Lideranças dos três Estados prometeram entrar com ações de inconstitucionalidade no Supremo Tribunal Federal (STF) assim que a lei fosse publicada no Diário Oficial da União, o que aconteceu na última sexta-feira. Portanto, a definição da polêmica agora vai depender do trâmite no Judiciário. Na sexta-feira, Rio de Janeiro e Espírito Santo protocolaram ação direta de inconstitucionalidade contra a mudança no Supremo Tribunal Federal.
Outros efeitos devem ser sentidos no Congresso Nacional. O governo vai enviar ao Legislativo uma medida provisória para a constituição de um novo marco legal para a mineração brasileira.
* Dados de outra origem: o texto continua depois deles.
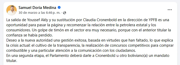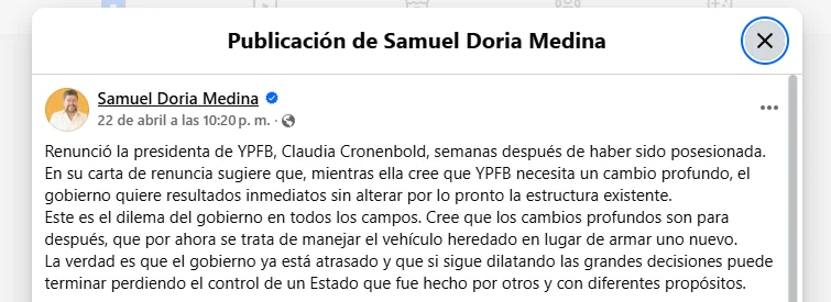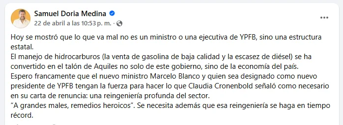 • 22 de abril de 2026: En otra publicación el mismo día, sostuvo que los problemas del sector de hidrocarburos no responden a una autoridad en particular, sino a una estructura estatal. En ese contexto, respaldó la necesidad de una reingeniería profunda, en línea con lo planteado por Cronenbold en su carta de renuncia.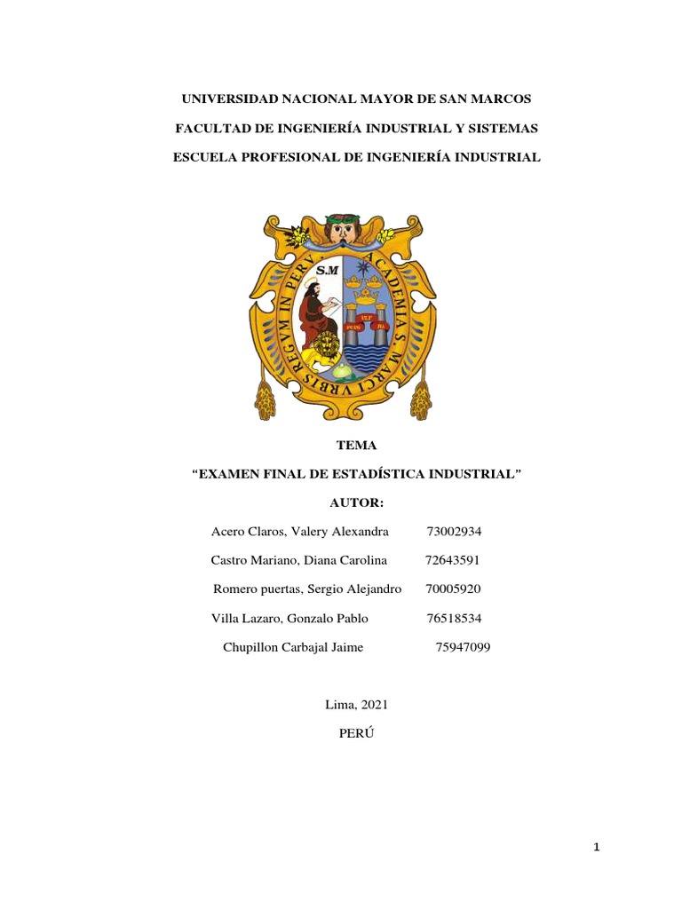 “EXAMEN FINAL DE ESTADÍSTICA INDUSTRIAL”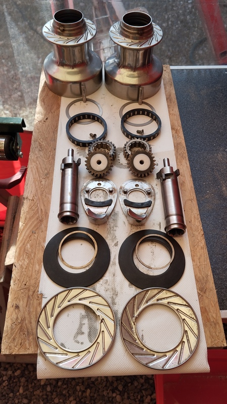 Ich wusste gar nicht, daß eine Winsch aus so vielen Einzelteilen besteht. Die große Winsch von Anderson, Modell 46 ST, besteht aus mehr als 50 Einzelteilen. Da gibt es richtig viel zu entfetten und reinigen.

Em represália à derrubada dos vetos do petróleo, parlamentares do Rio e do Espírito Santo já avisaram que vão exigir a redistribuição dos royalties da atividade mineral, o que afetará Minas Gerais e Pará, atuais maiores beneficiários.
A discussão pode interferir no Paraná, pois já se fala em rediscutir também a divisão dos royalties de usinas hidrelétricas - os direitos de Itaipu são a principal fonte de receita de muitas prefeituras do Sudoeste paranaense.
O advogado Rodrigo Meyer Bornholdt, especialista em royalties, doutor em Direito pela Universidade Federal do Paraná (UFPR) e que tem escritório em Joinville (SC), acredita que a decisão do Congresso na apreciação dos vetos presidenciais à lei dos royalties do petróleo foi ''açodada'', feriu o princípio da segurança jurídica e abre precedente para outras discussões no Legislativo.